-- WORK TASK --
Please set out each line below exactly as it stands, without the images.

(Extracted records)
|---|
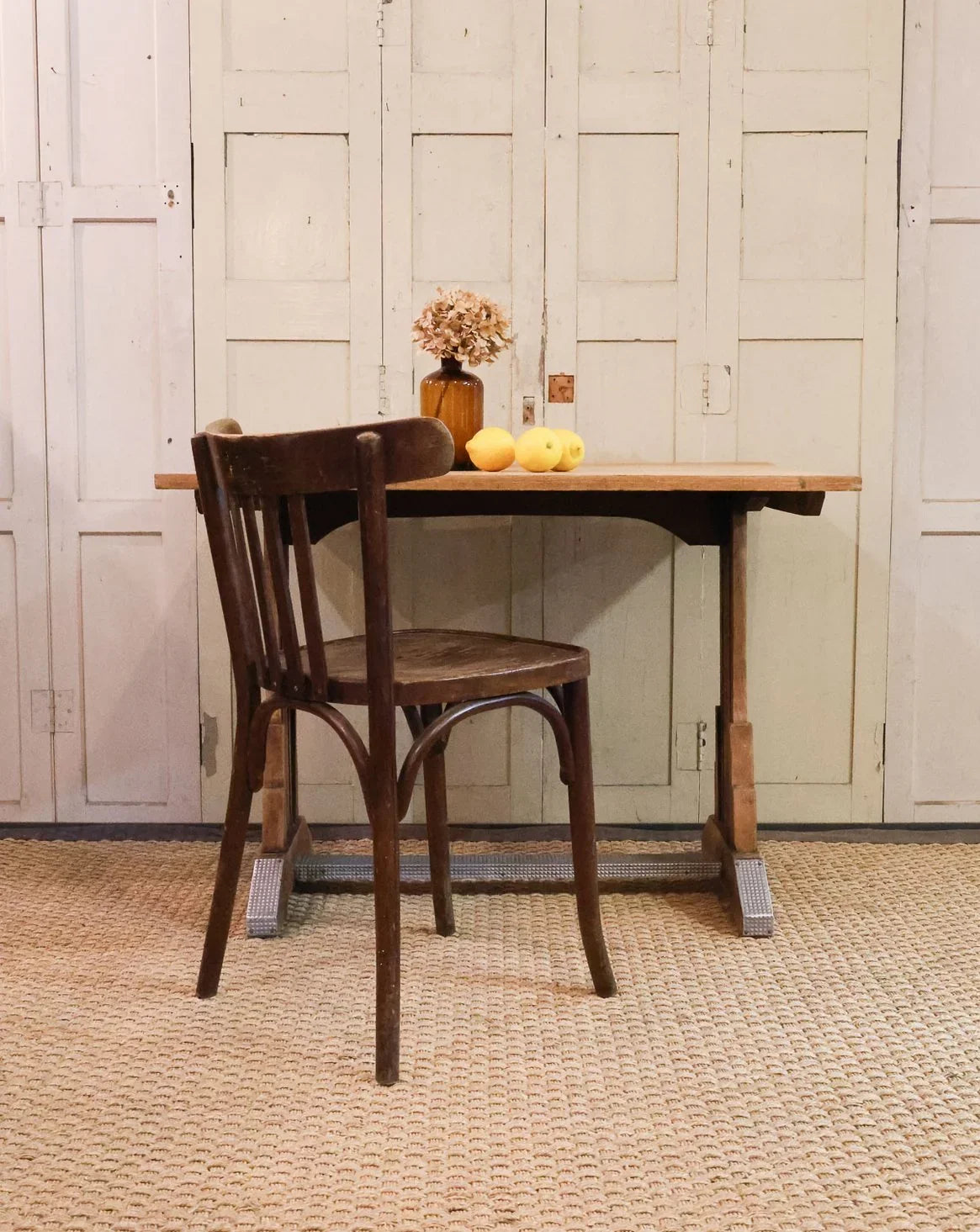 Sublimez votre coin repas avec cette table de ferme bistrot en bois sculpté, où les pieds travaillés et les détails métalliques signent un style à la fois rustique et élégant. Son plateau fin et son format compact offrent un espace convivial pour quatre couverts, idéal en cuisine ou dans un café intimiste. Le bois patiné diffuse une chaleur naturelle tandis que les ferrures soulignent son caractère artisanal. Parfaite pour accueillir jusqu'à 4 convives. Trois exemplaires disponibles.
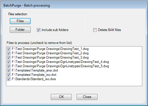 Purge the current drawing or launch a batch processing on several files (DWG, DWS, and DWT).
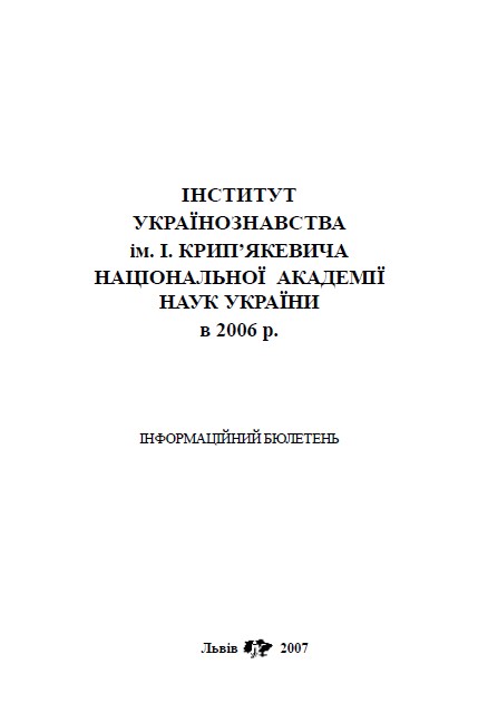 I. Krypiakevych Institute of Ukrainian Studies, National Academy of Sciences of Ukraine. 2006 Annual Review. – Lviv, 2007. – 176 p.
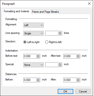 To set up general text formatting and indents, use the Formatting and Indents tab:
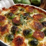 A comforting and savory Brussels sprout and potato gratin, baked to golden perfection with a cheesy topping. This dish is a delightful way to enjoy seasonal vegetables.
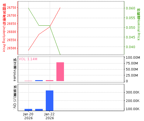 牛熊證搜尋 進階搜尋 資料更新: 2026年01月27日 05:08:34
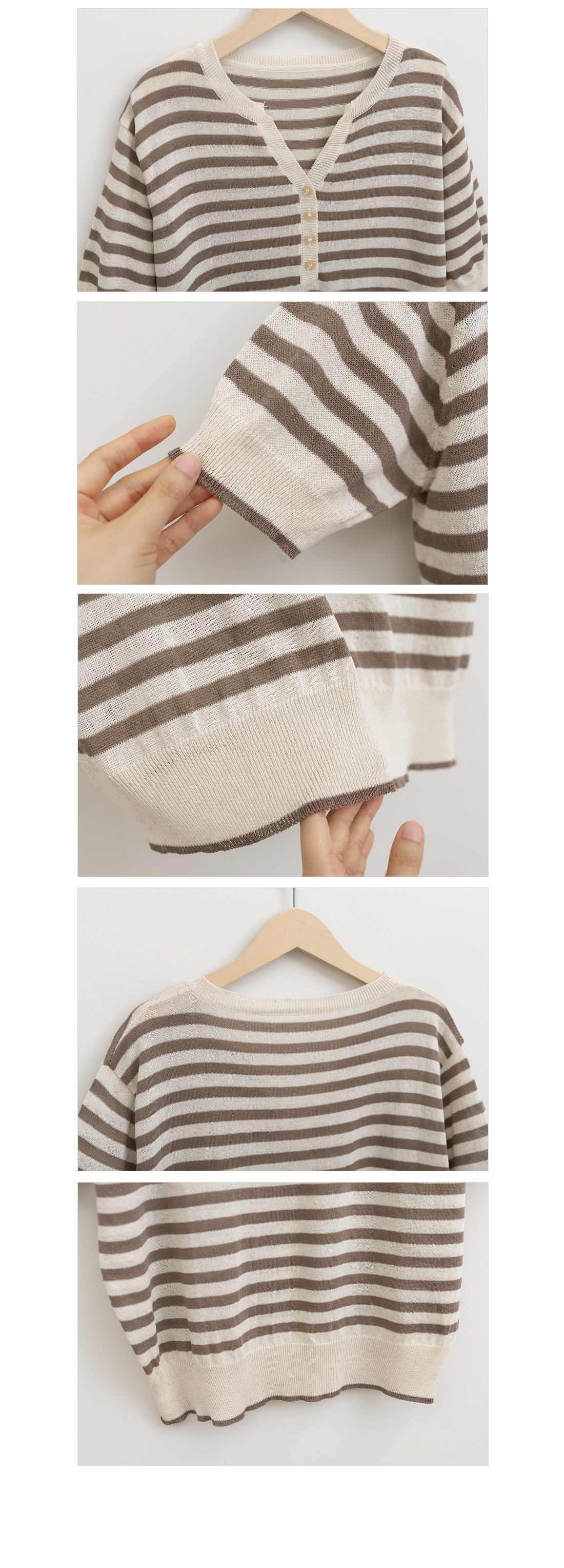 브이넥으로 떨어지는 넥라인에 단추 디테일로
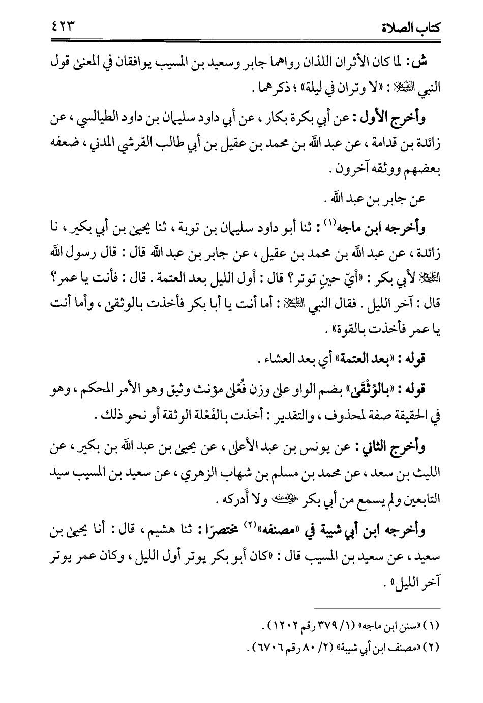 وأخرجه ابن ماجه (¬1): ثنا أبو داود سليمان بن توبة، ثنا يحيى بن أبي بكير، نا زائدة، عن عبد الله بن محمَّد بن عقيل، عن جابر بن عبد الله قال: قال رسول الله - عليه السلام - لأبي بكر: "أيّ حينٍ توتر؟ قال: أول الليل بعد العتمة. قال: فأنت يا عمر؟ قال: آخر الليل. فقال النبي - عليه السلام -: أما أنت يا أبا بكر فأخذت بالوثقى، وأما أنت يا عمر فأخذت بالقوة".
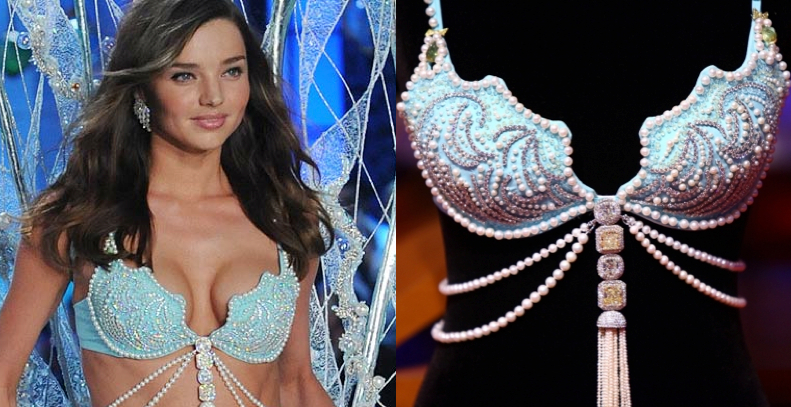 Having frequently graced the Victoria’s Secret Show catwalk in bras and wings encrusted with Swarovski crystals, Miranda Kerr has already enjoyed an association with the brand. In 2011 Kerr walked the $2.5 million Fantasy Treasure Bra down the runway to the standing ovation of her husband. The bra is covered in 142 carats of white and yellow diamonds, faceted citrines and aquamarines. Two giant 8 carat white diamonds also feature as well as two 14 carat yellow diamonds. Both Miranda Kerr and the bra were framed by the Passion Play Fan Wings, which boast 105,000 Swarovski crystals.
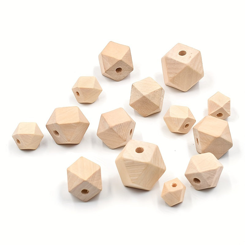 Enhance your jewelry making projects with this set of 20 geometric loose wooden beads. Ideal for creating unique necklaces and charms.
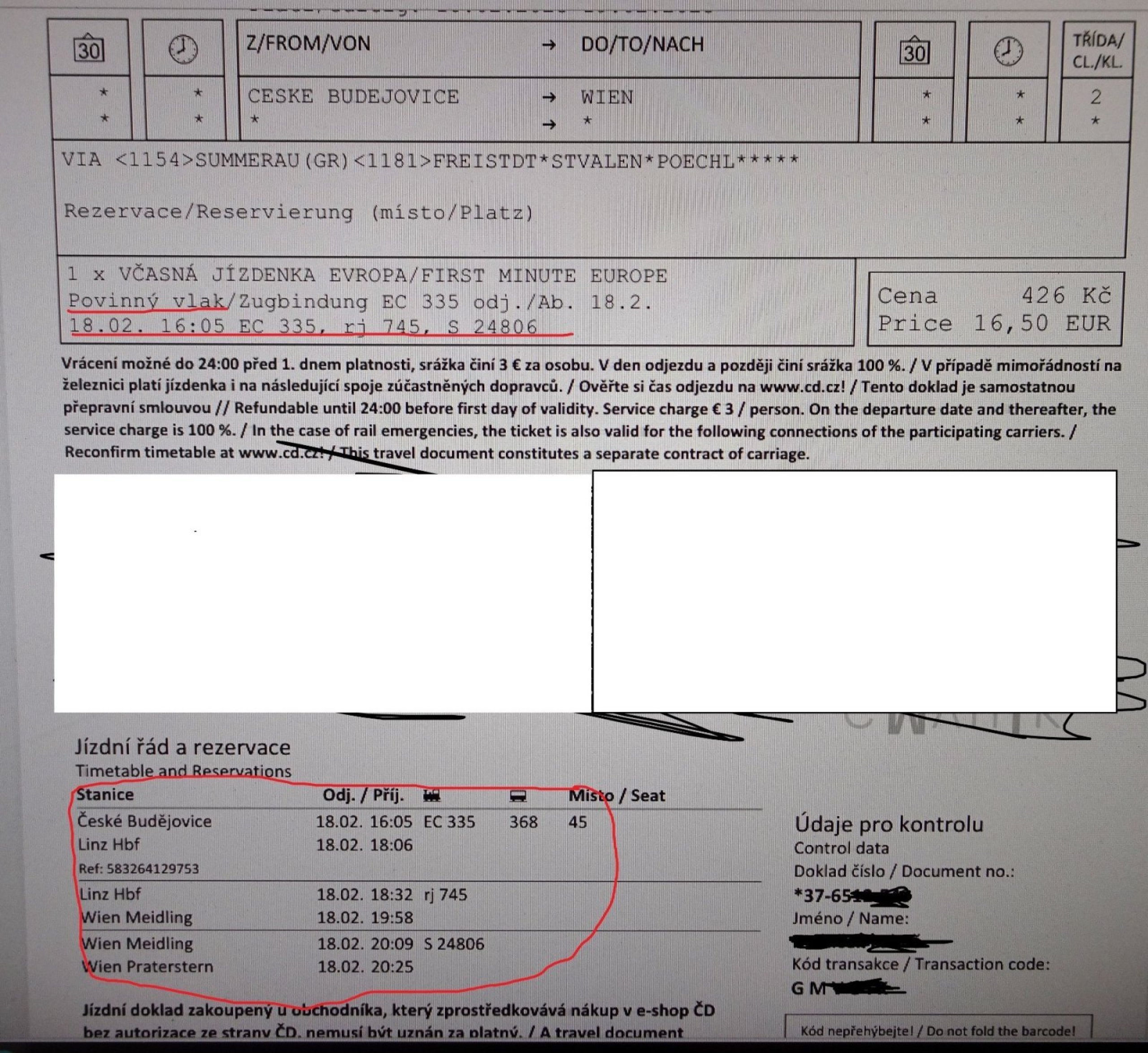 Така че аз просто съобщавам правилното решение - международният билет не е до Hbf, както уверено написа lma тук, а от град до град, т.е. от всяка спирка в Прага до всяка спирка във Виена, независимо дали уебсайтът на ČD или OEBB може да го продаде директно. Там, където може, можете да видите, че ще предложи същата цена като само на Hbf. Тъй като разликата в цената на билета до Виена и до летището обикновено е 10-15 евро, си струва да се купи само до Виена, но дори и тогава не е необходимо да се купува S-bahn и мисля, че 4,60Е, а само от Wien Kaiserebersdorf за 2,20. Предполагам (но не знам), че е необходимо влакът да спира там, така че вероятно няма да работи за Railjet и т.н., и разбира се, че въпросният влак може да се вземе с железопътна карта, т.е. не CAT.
|---|
-- REPLY --
 Sublimez votre coin repas avec cette table de ferme bistrot en bois sculpté, où les pieds travaillés et les détails métalliques signent un style à la fois rustique et élégant. Son plateau fin et son format compact offrent un espace convivial pour quatre couverts, idéal en cuisine ou dans un café intimiste. Le bois patiné diffuse une chaleur naturelle tandis que les ferrures soulignent son caractère artisanal. Parfaite pour accueillir jusqu'à 4 convives. Trois exemplaires disponibles.
 Purge the current drawing or launch a batch processing on several files (DWG, DWS, and DWT).
 I. Krypiakevych Institute of Ukrainian Studies, National Academy of Sciences of Ukraine. 2006 Annual Review. – Lviv, 2007. – 176 p.
 To set up general text formatting and indents, use the Formatting and Indents tab:
 A comforting and savory Brussels sprout and potato gratin, baked to golden perfection with a cheesy topping. This dish is a delightful way to enjoy seasonal vegetables.
 牛熊證搜尋 進階搜尋 資料更新: 2026年01月27日 05:08:34
 브이넥으로 떨어지는 넥라인에 단추 디테일로
 وأخرجه ابن ماجه (¬1): ثنا أبو داود سليمان بن توبة، ثنا يحيى بن أبي بكير، نا زائدة، عن عبد الله بن محمَّد بن عقيل، عن جابر بن عبد الله قال: قال رسول الله - عليه السلام - لأبي بكر: "أيّ حينٍ توتر؟ قال: أول الليل بعد العتمة. قال: فأنت يا عمر؟ قال: آخر الليل. فقال النبي - عليه السلام -: أما أنت يا أبا بكر فأخذت بالوثقى، وأما أنت يا عمر فأخذت بالقوة".
 Having frequently graced the Victoria’s Secret Show catwalk in bras and wings encrusted with Swarovski crystals, Miranda Kerr has already enjoyed an association with the brand. In 2011 Kerr walked the $2.5 million Fantasy Treasure Bra down the runway to the standing ovation of her husband. The bra is covered in 142 carats of white and yellow diamonds, faceted citrines and aquamarines. Two giant 8 carat white diamonds also feature as well as two 14 carat yellow diamonds. Both Miranda Kerr and the bra were framed by the Passion Play Fan Wings, which boast 105,000 Swarovski crystals.
 Enhance your jewelry making projects with this set of 20 geometric loose wooden beads. Ideal for creating unique necklaces and charms.
 Така че аз просто съобщавам правилното решение - международният билет не е до Hbf, както уверено написа lma тук, а от град до град, т.е. от всяка спирка в Прага до всяка спирка във Виена, независимо дали уебсайтът на ČD или OEBB може да го продаде директно. Там, където може, можете да видите, че ще предложи същата цена като само на Hbf. Тъй като разликата в цената на билета до Виена и до летището обикновено е 10-15 евро, си струва да се купи само до Виена, но дори и тогава не е необходимо да се купува S-bahn и мисля, че 4,60Е, а само от Wien Kaiserebersdorf за 2,20. Предполагам (но не знам), че е необходимо влакът да спира там, така че вероятно няма да работи за Railjet и т.н., и разбира се, че въпросният влак може да се вземе с железопътна карта, т.е. не CAT.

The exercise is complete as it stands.